Data items:
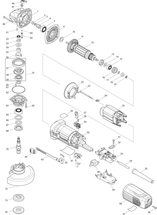 Collection: GA5042C Angle Grinder Assembly Parts By Makita
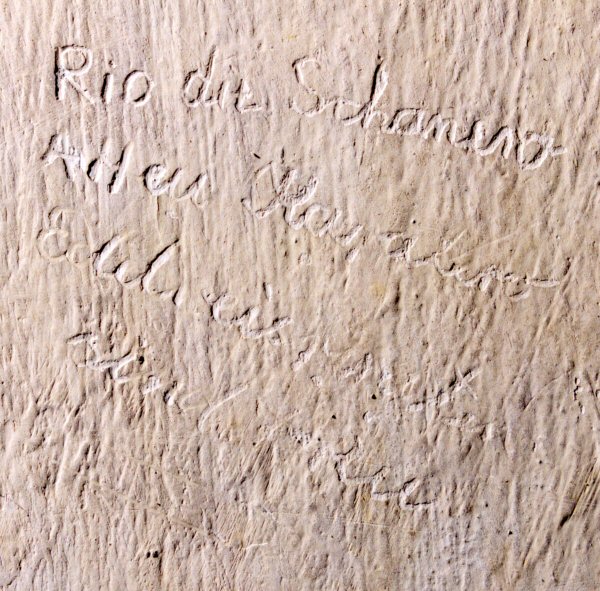 Einritzung in einer Zelle im Gestapo-Gefängnis im EL-DE-Haus, 1943/44: "Rio die Schanero - Aheu Kapalero - Edelweipiraten sind treu"
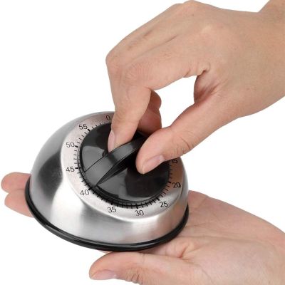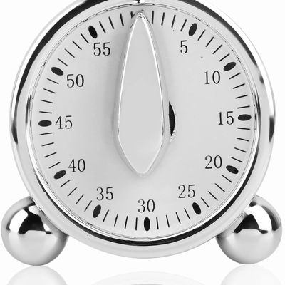 60 Minutes Stainless Steel Kitchen Timer Mechanical Wind up Reminder Visual Mechanical Timer for Kitchen Classroom
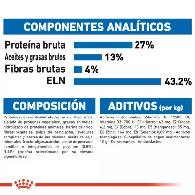 Composición: Maíz, proteínas de ave deshidratadas, arroz, aislado de proteínas vegetales, trigo, grasas animales, hidrolizado de proteínas animales, fibras vegetales, pulpa de remolacha, minerales, aceite de soja, fructo-oligosacáridos, levaduras, aceite de pescado.
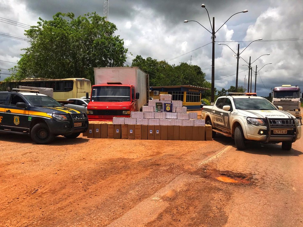 O flagrante ocorreu no Trevo de Senador Guiomard, na BR-317, interior do Acre. O motorista teria dito que fazia uma mudança. Ao verificarem o baú do caminhão, os policiais acharam os cigarros.
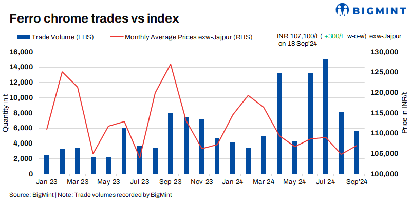 Domestic sector sees mixed trends: Indian high-carbon ferro chrome (HC60%, Si:4%) prices were at INR 107,100/t ($1,280/t) exw-Jajpur, up by a modest INR 300/t ($4/t) w-o-w, as per BigMint’s assessment on 18 September. Deals of around 400 t were concluded this week within the price bracket of INR 107,000-107,500/t ($1,279-1,285/t) exw.
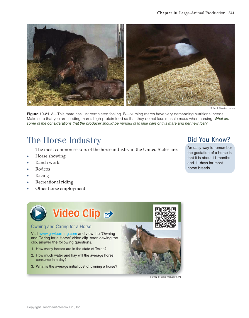 The Horse Industry The most common sectors of the horse industry in the United States are: „ Horse showing „ Ranch work „ Rodeos „ Racing „ Recreational riding „ Other horse employment Did You Know? An easy way to remember the gestation of a horse is that it is about 11 months and 11 days for most horse breeds. Owning and Caring for a Horse Visit www.g-wlearning.com and view the “Owning and Caring for a Horse” video clip. After viewing the clip, answer the following questions. 1. How many horses are in the state of Texas? 2. How much water and hay will the average horse consume in a day? 3. What is the average initial cost of owning a horse? Video Clip Bureau of Land Management R Bar T Quarter Horses Figure 10-21. A—This mare has just completed foaling. B—Nursing mares have very demanding nutritional needs. Make sure that you are feeding mares high-protein feed so that they do not lose muscle mass when nursing. What are some of the considerations that the producer should be mindful of to take care of this mare and her new foal? A B Chapter 10 Large-Animal Production 541 Copyright Goodheart-Willcox Co., Inc.
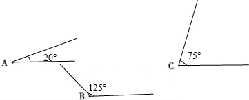 用下面的点做角的顶点,画三个不同的角.(20°,125°,75°)
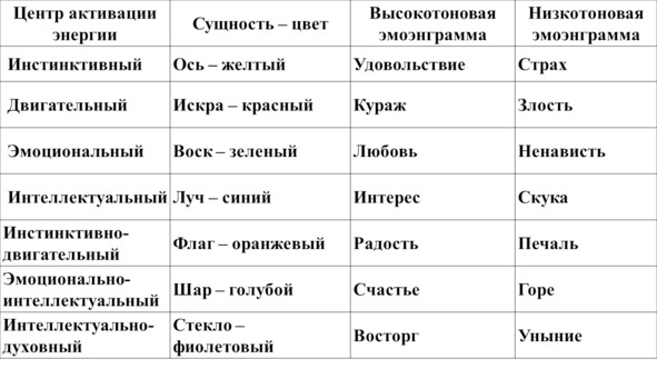 Таб. 2. Эмоэнграммы по центрам активации энергии, сущностям и тонам
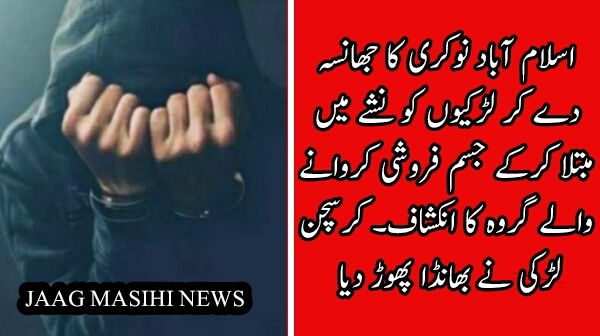 اسلام آباد (جاگ مسیحی نیوز ۔ 15 فروری 2019ء) : وفاقی دارالحکومت کے پوش سیکٹرز میں لڑکیوں کو محبت اور آئس نشے کا عادی بنا کر ان سے جسم فروشی کروائے جانے کا انکشاف ہوا ہے۔
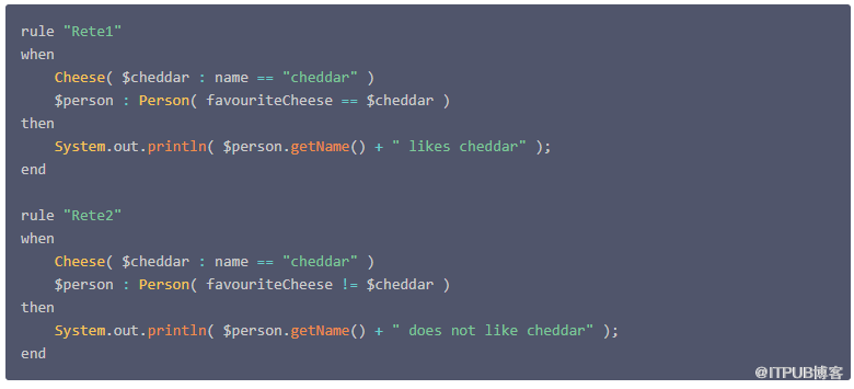 以下是模式共享的案例,两个规则共享第一个模式Cheese( $cheddar : name == "cheddar" )
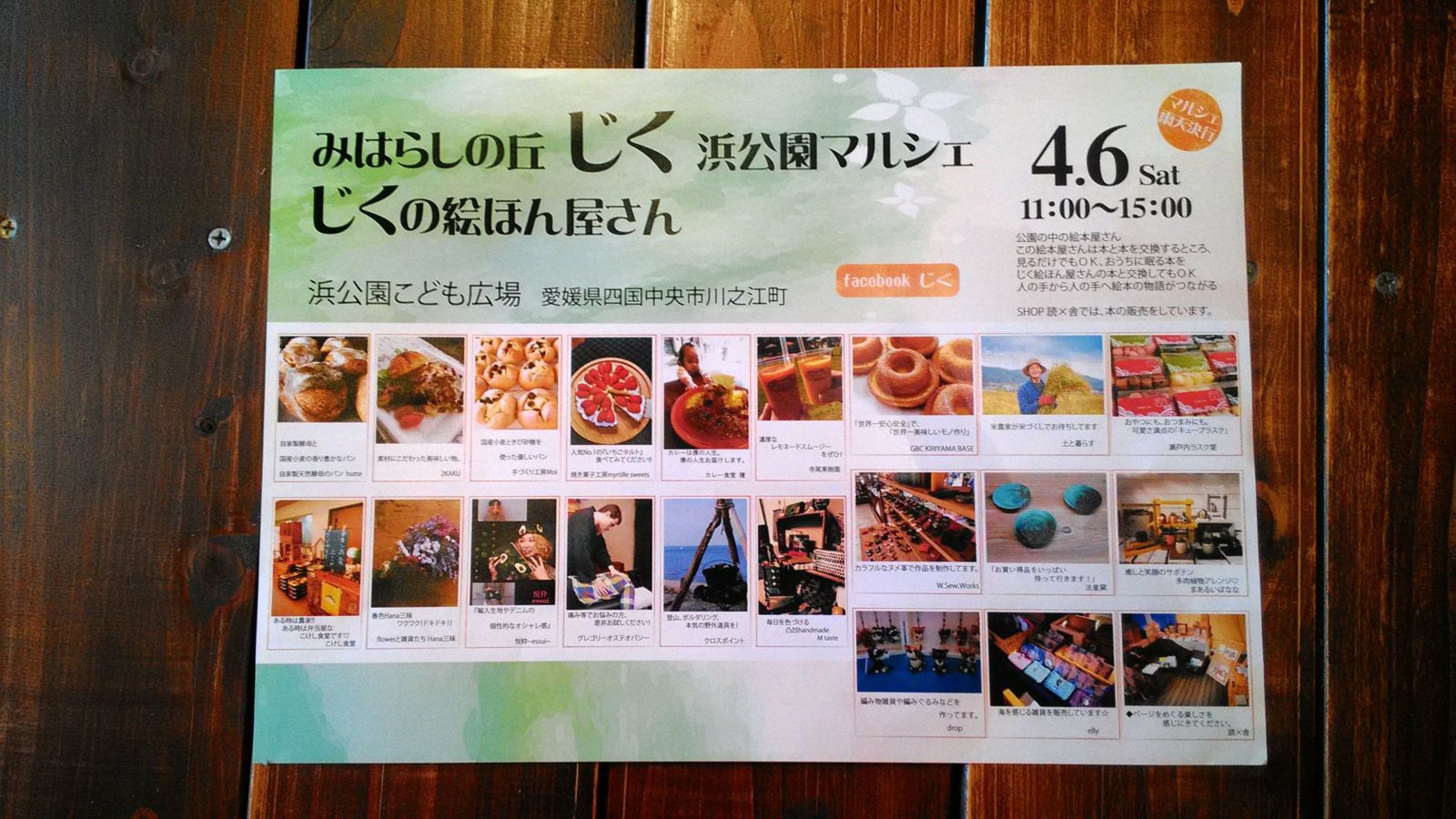じくマルシェさんから、 4月6日(土)に行われる「じく 浜公園マルシェ」のチラシが届きました。(^^) じくマルシェさんは、アットホームな温かい雰囲気のマルシェで いつも楽しく出店させていただいています。 場所は、愛媛県 […]

## GOAL OF THE EXERCISE
The copy you give must run from the line containing "以下是模式共享的案例,两个规则共享第一个模式Cheese( $cheddar : name" through the last line of the records, exactly, with the pictures left out.

## OUTPUT FOR THIS EXERCISE
 以下是模式共享的案例,两个规则共享第一个模式Cheese( $cheddar : name == "cheddar" )
じくマルシェさんから、 4月6日(土)に行われる「じく 浜公園マルシェ」のチラシが届きました。(^^) じくマルシェさんは、アットホームな温かい雰囲気のマルシェで いつも楽しく出店させていただいています。 場所は、愛媛県 […]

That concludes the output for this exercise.